- **What you will do**: Your answer should hold every line of the records below that contains the string "with".

- **Data listing**:
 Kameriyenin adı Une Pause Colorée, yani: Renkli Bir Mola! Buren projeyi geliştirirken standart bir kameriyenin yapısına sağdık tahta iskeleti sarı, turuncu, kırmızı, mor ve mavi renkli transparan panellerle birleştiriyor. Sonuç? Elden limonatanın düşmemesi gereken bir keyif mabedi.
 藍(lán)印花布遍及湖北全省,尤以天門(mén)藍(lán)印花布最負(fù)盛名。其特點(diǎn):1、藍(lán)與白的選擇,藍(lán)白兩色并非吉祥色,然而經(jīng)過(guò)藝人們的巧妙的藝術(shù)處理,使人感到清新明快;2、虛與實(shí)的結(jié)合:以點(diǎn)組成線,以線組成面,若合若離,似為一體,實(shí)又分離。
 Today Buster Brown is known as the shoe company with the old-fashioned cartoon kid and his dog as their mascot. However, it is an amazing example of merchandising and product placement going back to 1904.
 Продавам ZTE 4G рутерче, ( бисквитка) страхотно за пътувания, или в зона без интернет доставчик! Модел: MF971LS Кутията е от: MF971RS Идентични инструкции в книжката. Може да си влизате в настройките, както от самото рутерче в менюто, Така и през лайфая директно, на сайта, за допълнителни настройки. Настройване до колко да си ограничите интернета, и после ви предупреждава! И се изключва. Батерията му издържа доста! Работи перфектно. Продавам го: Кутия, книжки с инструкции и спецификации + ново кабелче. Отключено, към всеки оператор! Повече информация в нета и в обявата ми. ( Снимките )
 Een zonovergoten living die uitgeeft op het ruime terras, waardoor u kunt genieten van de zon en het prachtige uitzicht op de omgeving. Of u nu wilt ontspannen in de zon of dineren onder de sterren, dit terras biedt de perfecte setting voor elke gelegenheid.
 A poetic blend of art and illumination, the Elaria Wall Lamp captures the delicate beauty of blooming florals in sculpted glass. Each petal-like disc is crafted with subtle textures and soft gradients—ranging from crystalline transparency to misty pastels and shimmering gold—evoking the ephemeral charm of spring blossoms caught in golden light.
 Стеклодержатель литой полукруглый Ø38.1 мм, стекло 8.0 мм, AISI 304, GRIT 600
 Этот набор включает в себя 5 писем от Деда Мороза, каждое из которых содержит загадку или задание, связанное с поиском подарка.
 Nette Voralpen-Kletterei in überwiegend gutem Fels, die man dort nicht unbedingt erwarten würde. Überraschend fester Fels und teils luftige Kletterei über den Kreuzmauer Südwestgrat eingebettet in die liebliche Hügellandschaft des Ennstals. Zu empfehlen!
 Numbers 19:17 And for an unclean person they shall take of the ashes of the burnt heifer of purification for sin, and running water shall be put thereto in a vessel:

- **Answer to the exercise**:
 Today Buster Brown is known as the shoe company with the old-fashioned cartoon kid and his dog as their mascot. However, it is an amazing example of merchandising and product placement going back to 1904.
 A poetic blend of art and illumination, the Elaria Wall Lamp captures the delicate beauty of blooming florals in sculpted glass. Each petal-like disc is crafted with subtle textures and soft gradients—ranging from crystalline transparency to misty pastels and shimmering gold—evoking the ephemeral charm of spring blossoms caught in golden light.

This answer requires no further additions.